- University: Liberty University
- Nickname: Flames (men) Lady Flames (women)
- NCAA: Division I (FBS)
- Conference: CUSA (primary) Big East (field hockey) ASUN (women's lacrosse) SoCon (men's soccer)
- President: Dondi Costin
- Athletic director: Ian McCaw
- Location: Lynchburg, Virginia
- Varsity teams: 20 (9 men's, 11 women's)
- Football stadium: Williams Stadium
- Basketball arena: Liberty Arena
- Ice hockey arena: LaHaye Ice Center
- Baseball stadium: Liberty Baseball Stadium
- Softball stadium: Kamphuis Field at Liberty Softball Stadium
- Soccer stadium: Osborne Stadium
- Natatorium: Liberty University Natatorium
- Tennis venue: Liberty Tennis Complex
- Indoor track and field venue: Liberty Indoor Track Complex
- Other venues: LaHaye Ice Center
- Colors: Red, Navy Blue, White, and Powder Blue
- Mascot: Sparky Flames
- Marching band: The Spirit of the Mountain
- Fight song: Fan the Flames!
- Website: libertyflames.com

= Liberty Flames and Lady Flames =

Athletics teams of Liberty University, in Lynchburg, Virginia, United States

The Liberty Flames and Lady Flames are the athletics teams of Liberty University, in Lynchburg, Virginia, United States. They are a member of the NCAA Division I level in 20 sports. As of July 1, 2023, LU is a member of Conference USA (CUSA) for most sports, joining that league after five years as a member of the Atlantic Sun Conference (ASUN).

The field hockey team was a member of the Northern Pacific Field Hockey Conference before that league's demise after the 2014 season. After playing the 2015 season as an independent, the team joined the Big East Conference in 2016. Women's lacrosse remains in the ASUN, and women's swimming & diving joined the ASUN when it effectively absorbed the swimming & diving side of the Coastal Collegiate Sports Association after the 2022–23 season. Men's soccer competes in the Ohio Valley Conference. In football, Liberty had participated in the NCAA Division I Football Bowl Subdivision as an independent before joining CUSA.

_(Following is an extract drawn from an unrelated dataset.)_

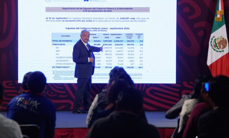 El mandatario refirió que el Gobierno de México, a pesar de la pandemia, ha mantenido una tendencia al alza en la recaudación tributaria entre 2019 y 2024, debido a la cancelación de condonaciones de impuestos luego de la reforma al artículo 28 constitucional.
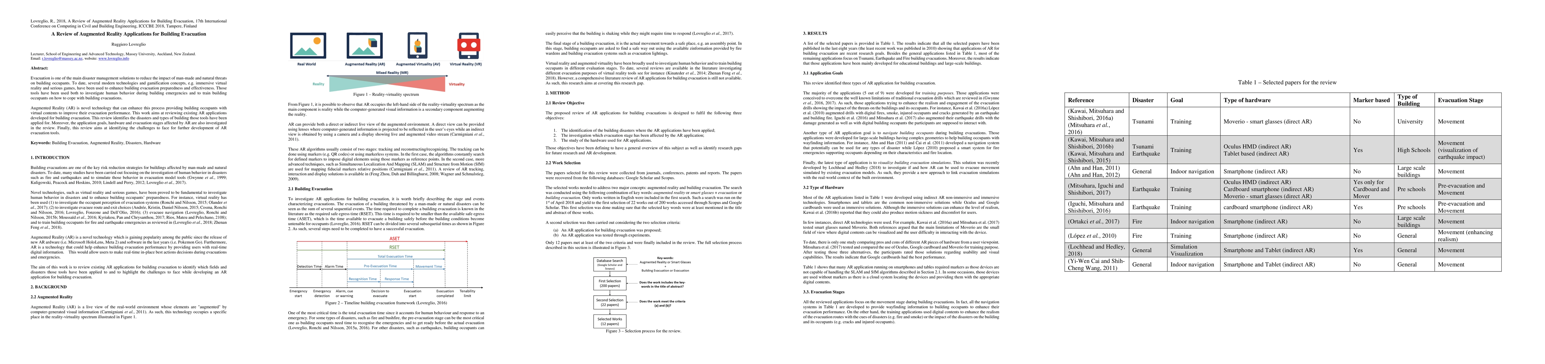 This paper reviews Augmented Reality (AR) applications designed to enhance building evacuation preparedness, identifying their goals, hardware, and the stages of evacuation they affect, as well as the challenges for future development. The review highlights the potential of AR to improve evacuation performance and effectiveness.

Liberty University is the second youngest school in NCAA Division I, founded in 1971 (the youngest, Florida Gulf Coast University, was founded in 1991 with instruction starting in 1997). (Note: While three other Division I members were officially founded after Florida Gulf Coast, all inherited their athletic programs from predecessor institutions that were D-I members.
- The University of Texas Rio Grande Valley (UTRGV) was founded in 2013 by a merger of two other institutions in the University of Texas System and began operation in 2015. UTRGV inherited its athletic program from one of the predecessor institutions, the University of Texas–Pan American, which traced its history to a junior college that opened in 1927.
- Purdue University Fort Wayne (PFW) was one of the two new institutions founded in 2018 when the Indiana University and Purdue University systems dissolved Indiana University–Purdue University Fort Wayne (IPFW), which had been founded in 1964. The former IPFW athletic program was entirely transferred to PFW.
- Indiana University Indianapolis was one of the two new institutions founded in 2024 when the IU and Purdue systems dissolved Indiana University–Purdue University Indianapolis (IUPUI), which had been founded in 1969. The former IUPUI athletic program transferred to IU Indianapolis, with a new athletic brand name of IU Indy.
A fourth Division I member, Florida International University, was founded before Liberty in 1965, but did not start classes until 1972, a year after Liberty started classes. Also, FIU did not admit freshmen or sophomores until 1981.) As a member of the Big South Conference, Liberty regularly competed for the Sasser Cup, which is the trophy for the university which has the best sports program among the member institutions. Liberty won the Sasser Cup 14 times, the most in Big South Conference history.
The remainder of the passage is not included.